Wednesday, December 16, 2009

Ergonomic Considerations for Older Workers

The idea of fitting the job to the worker is not new...but the increasing numbers of older workers in the workforce requires a fresh look at workplace standards and design.

Older workers may have very different needs from their younger counterparts. Many tables that record body measurements and ratios are based on military populations and may not be representative of the working population in general or of a particular worksite with many older workers.

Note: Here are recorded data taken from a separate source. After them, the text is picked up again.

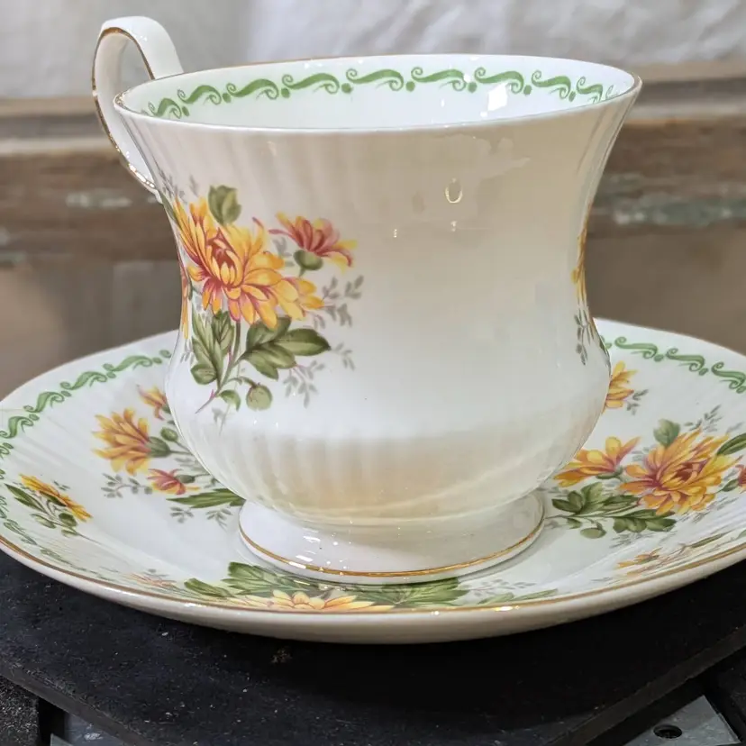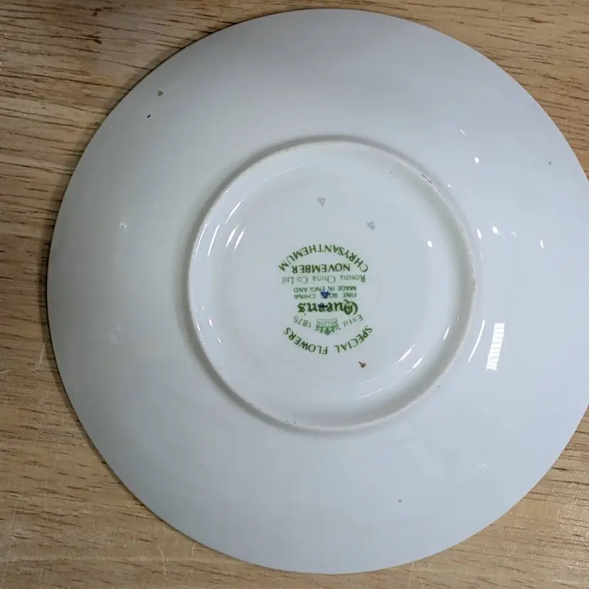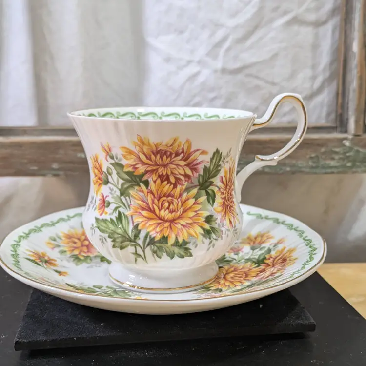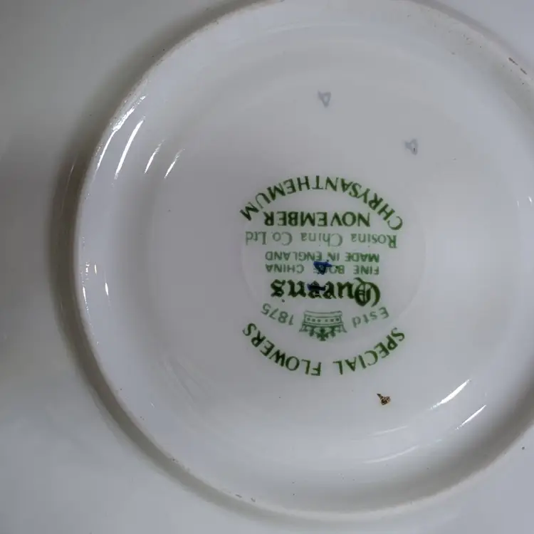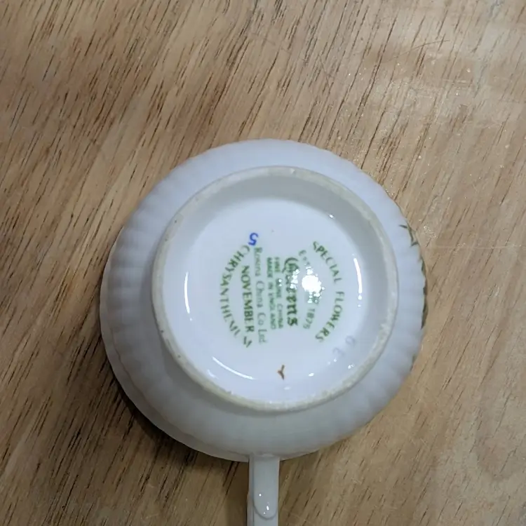 Dimensions: Cup: 2 3/8" height x 2.75" top diameter Saucer: 5" diameter This demi cup and saucer set made by Rosina Queens features the Special Flowers design pattern, this set being for November with yellow Chrysanthemums. This item has been previously owned and is in very good condition with little or no signs of use or wear.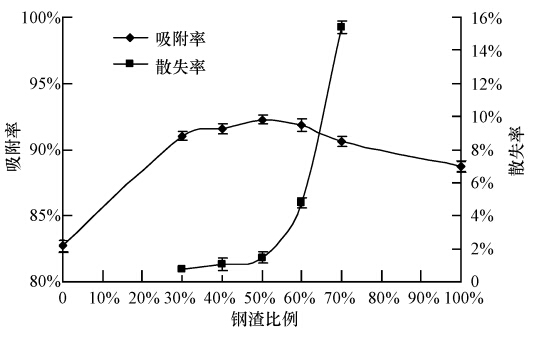 將鋼渣(100目)和蒙脫石按1 : 1質量比混合,其中,添加10%的工業淀粉和水進行攪拌,制成顆粒(Φ2 mm×4 mm)并在400 ℃下焙燒1 h,制得鋼渣-蒙脫石復合吸附劑.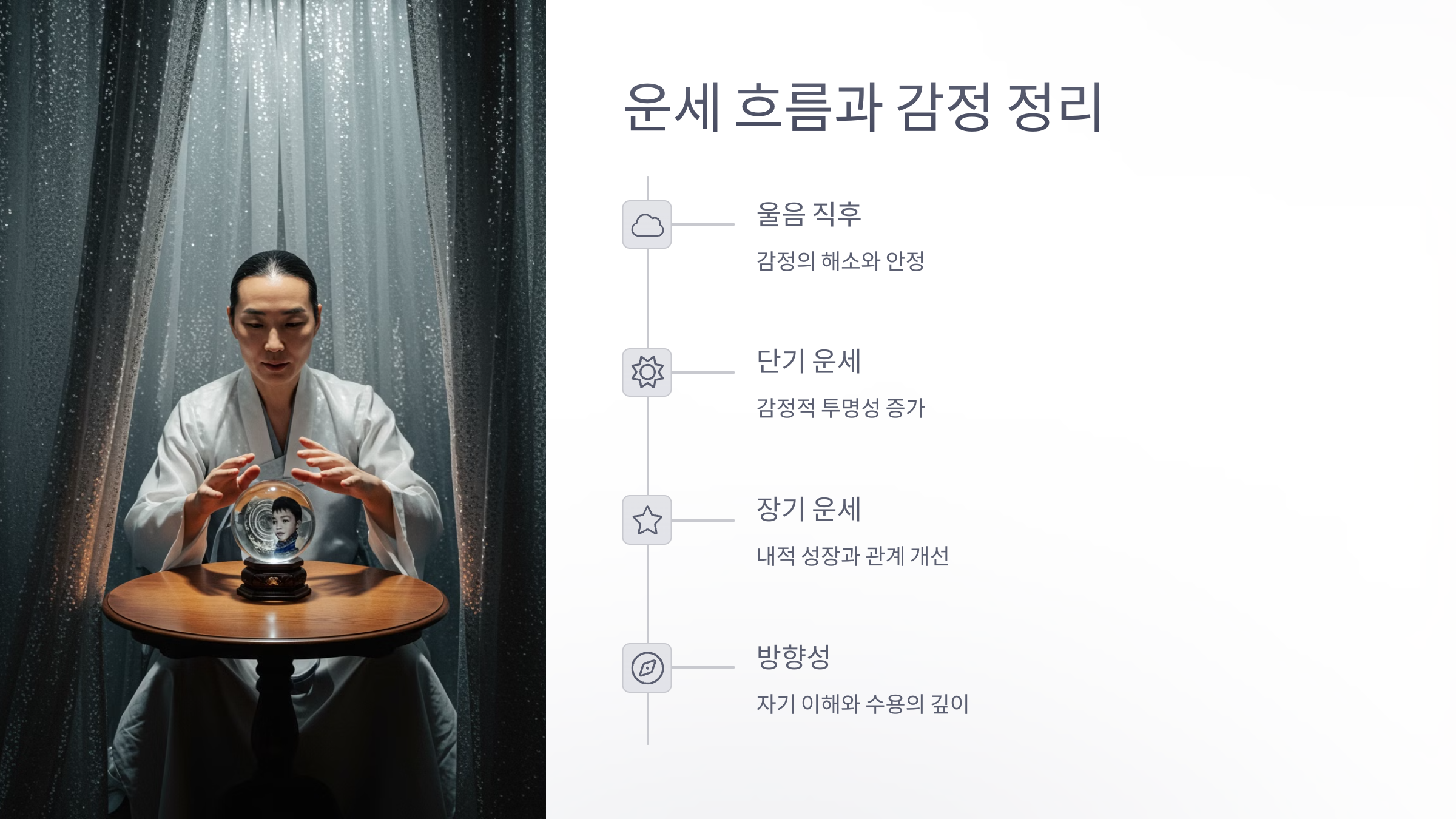 울고 난 후에 속이 후련한 느낌이 있었다면, 지금 감정 정리가 잘 되고 있는 상태예요. 반대로 울고도 찝찝하거나 답답했다면 아직 정리가 필요한 감정이 있다는 신호예요.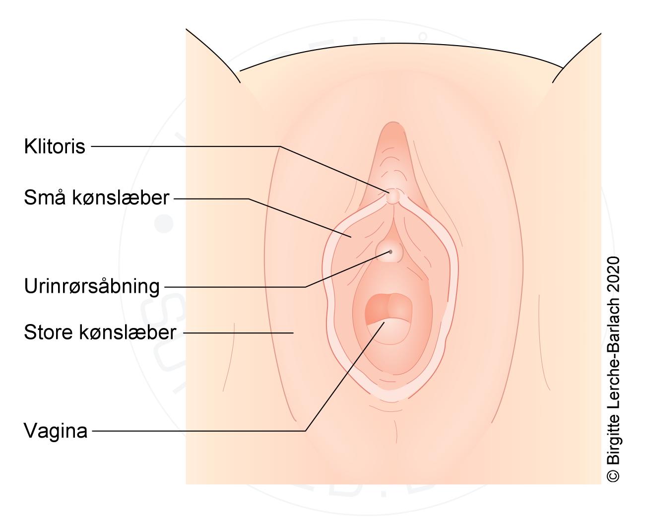Mellem kønslæberne, lige nedenfor klitoris, findes åbningen til urinrøret.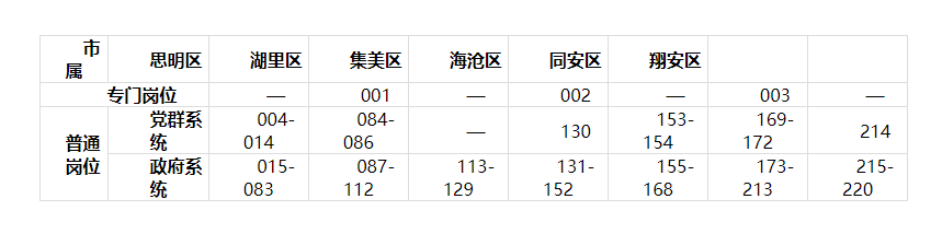 招聘崗位資格條件詳見《2024年廈門市事業(yè)單位公開招聘工作人員崗位信息表》(簡章附件1),考生也可通過“報名系統(tǒng)”點擊“招聘崗位查詢”按鈕查詢崗位條件,報名時請仔細對照查看崗位具體資格條件要求。崗位代碼分布如下表: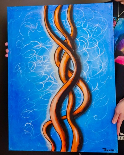 Originalt maleri i forbindelse med kunst samarbeid TRUKON: "Der årene møtes" laget av Håkon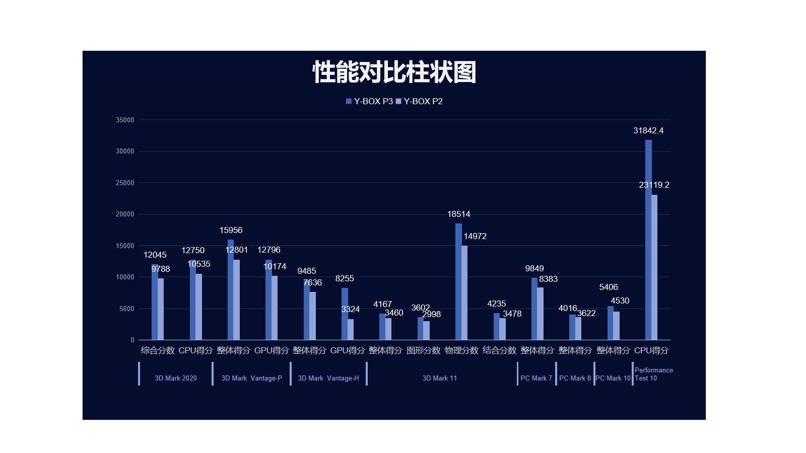 kaiyun来具体看看各个测试项目的跑分情况,kaiyun分别用3D Mark、PC Mark以及Performance 10等不同系列不同软件进行跑分,测试项目涵盖显示性能测试、系统性能测试、CPU性能测试等。通过下面的表格及柱状图可以看出,开云桌面云终端Y-BOX P3的数据在各项性能上都得到了大幅度提升。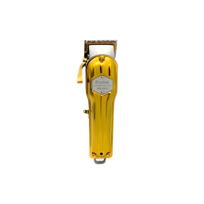 Corte cabelos, barba e bigode com precisão. A Kemei KM-1976 possui corpo metálico resistente, lâmina em aço inoxidável e motor potente. Pode ser usada com ou sem fio e acompanha 4 pentes para diferentes comprimentos de corte.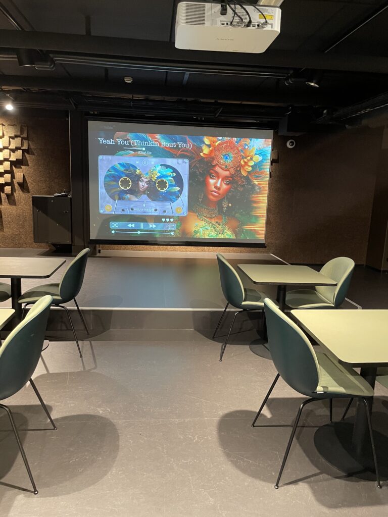 Im Keller gibt es so eine interaktive Bodenprojektionssache und dahinter einen Bandproberaum.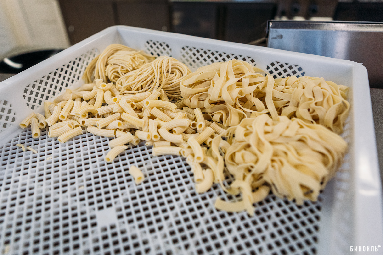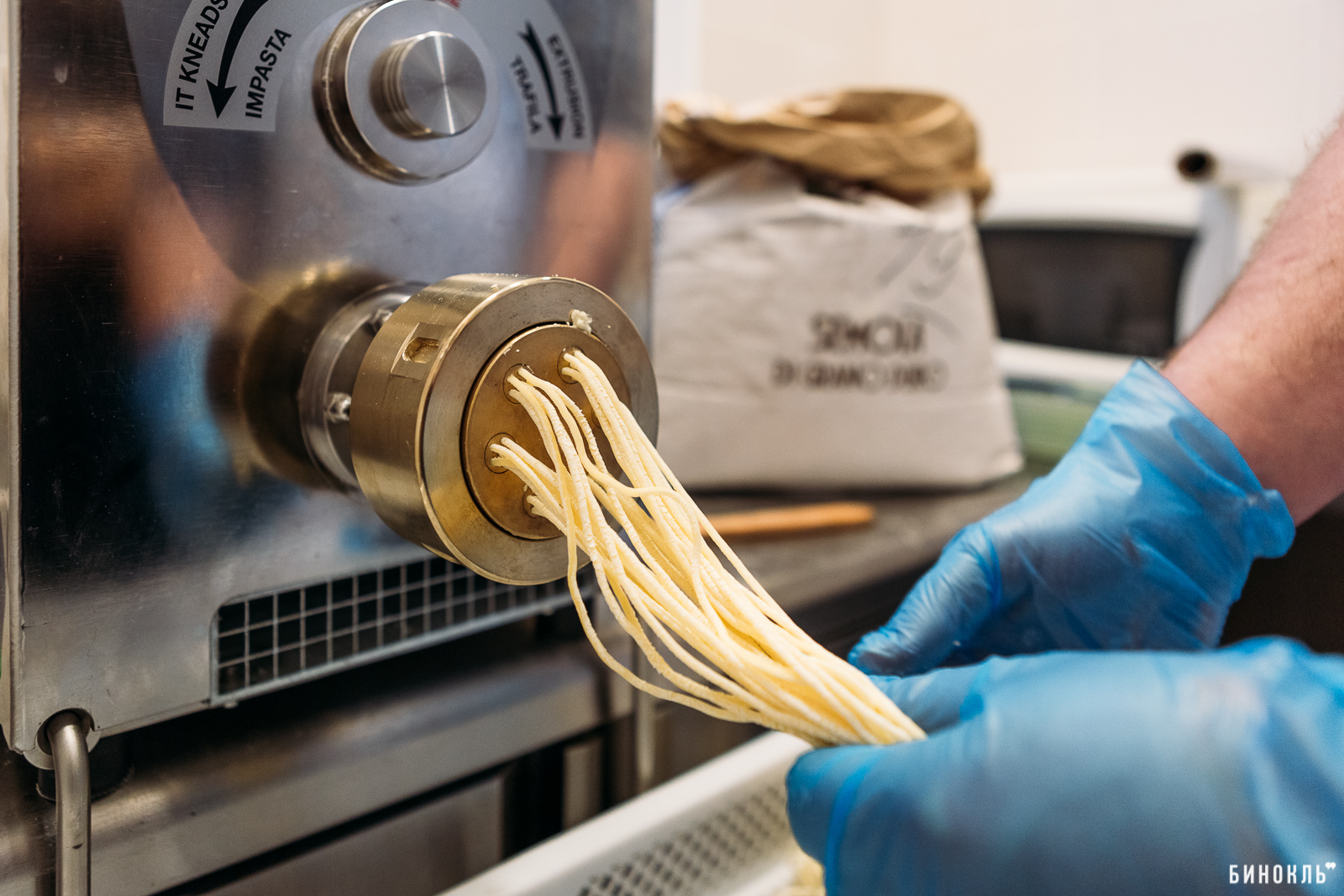 Для приготовления макарон мы заказали итальянскую машину фирмы “La Monferrina” – рабочий мерседес в этой нише. На создание идеальной рецептуры мы потратили уйму времени. Не ограничиваясь лишь своими вкусовыми предпочтениями, мы давали пробовать пасту друзьям, родным и близким. Они были своего рода кулинарным жюри. Один из самых важных критериев, который мы задали с самого начала, – свежие и качественные продукты.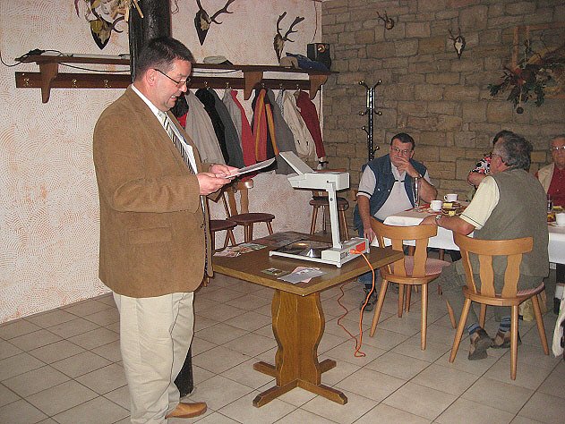 Zu dieser Veranstaltung hatte man Dankenderweise Herrn Kriminaloberkommissar Rainer Stranz von der Polizeidirektion Nordhausen als Referent gewinnen können, der zum Thema "Trickbetrüger und Haustürgeschäfte" sprach. Dabei schilderte er in anschaulicher Weise die Methoden und Verhaltensweisen von Trickbetrügern. Er machte darauf aufmerksam, dass insbesondere ältere Bürger Opfer solcher Machenschaften sind. Deshalb warnte er vor allem unsere zum Teil recht betagten Mitglieder davor, niemand Fremden in die Wohnung zu lassen, nichts zu unterschreiben und auch am Telefon vorsichtig zu sein, am besten bei Gratulation zu einem Gewinn, den Hörer schnell wieder aufzulegen. Vor allem warnte er aber auch davor, persönlichen Daten, wie z.B. die Kontonummer, herauszugeben. Zu all diesen Dingen schilderte er Kriminalfälle, die auch hier in unserer Region trotz Aufklärung leider immer wieder passieren, und unsere Mitglieder waren erstaunt, wie schnell man doch auf solche Betrügereien hereinfallen kann.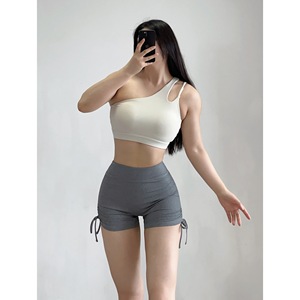 女性用スレッドストラップヨガウェア、ライクラ強力脚長ヨガショーツ、プリーツ痩身ヒップスポーツショーツ 1781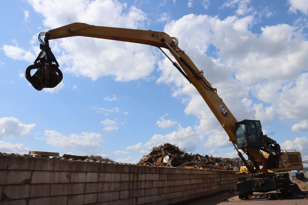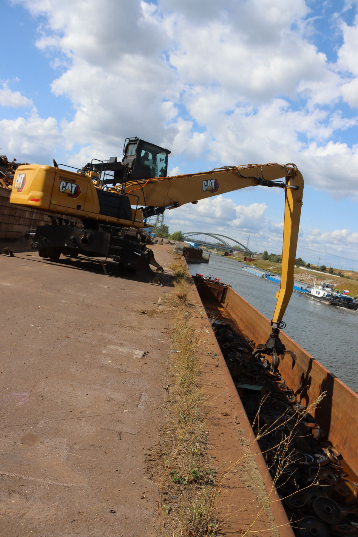 Nicht nur Schiffe werden bei Fegert Recycling be- und entladen, sondern auch Waggons, und da kommen Umschlagbagger wie der Cat MH3050 wieder ins Spiel. Der Entsorgungsspezialist, gegründet kurz nach der Wiedervereinigung, nutzt für die fachgerechte Entsorgung nicht nur den Landweg, sondern durch den Standort im Glindenburger Weg die direkte Anbindung an das Wasserstraßenkreuz Magdeburg. 2005 kamen mit der ESM Schrott- und Metallhandel GmbH weitere Standorte in Schönebeck, Stassfurt und Gatersleben dazu. Seit 2008 gehört die Fegert-Gruppe zu Scholz Recycling. Kernkompetenz, auf die sich der Entsorger spezialisiert hat, ist der Umschlag von Stahlschrott und -legierungen sowie NE-Metallen und Metallen, die aufbereitet werden, um Wertschöpfung zu betreiben. Zu den einzelnen Arbeitsschritten gehört das Trennen, Sortieren, Schneiden, Sieben und Pressen. Ohne diese Bearbeitung können die Materialien nicht ein weiteres Mal in den Wertstoffkreislauf zurückgeführt werden. Dass das aber immer wichtiger wird, belegen die Fakten: Mit Schrottrecycling lassen sich bis zu 80 Prozent Energie und 75 Prozent an CO2 im Vergleich zur Primärproduktion sparen – dafür leistet der Cat MH3050 für Fegert Recycling seinen Beitrag.

What sort of considerations should one make for older workers? In a recent presentation J.M. Haight offered the following advice:

Consider older workers limitation in workspace and task design:
· Improve illumination
· Reduce heavy lifts and elevated work
· Design smooth solid flooring
· Remove control panel and computer screen clutter
· Reduce noise levels
· Focus on error reduction tools such as three way communication
· Additional time spacing between task steps
· Increase decision making time
· Reduce necessary reaction time
· Understand accommodations being made
· Educate, Educate, Educate

The Australian Public Safety Commission produced a similar
checklist of strategies and activities for an aging workforce
(Australian Public Service Commission, 2003):

Improve work task design
· Promote employees’ control over their work depending on agency needs and employee preferences
· Reduce physical loads
· Ensure good visibility of task-related information
· Improve posture
· Set reasonable work rate standards, production targets or workloads

Improve job design and work organization
· Avoid monotony, short cycle times
· Improve work scheduling
· Allow flexibility in taking rest breaks
· Allow individuals time to adapt to new tasks
· Support flexible employment conditions

Improve the physical work environment
· Minimise glare
· Ensure good lighting levels
· Minimise noise levels
· Eliminate hazards that may cause slips, trips and falls
· Make allowances for working in heat and encourage sun-safe behaviour

Support and improve people’s performance capacities
· Develop best practice performance standards
· Improve training programs
· Develop and maintain support systems
· Improve employee morale and expertise

Interestingly, this resource follows each strategy with specific recommended activities and provides a small bibliographic reference section to support each recommendation.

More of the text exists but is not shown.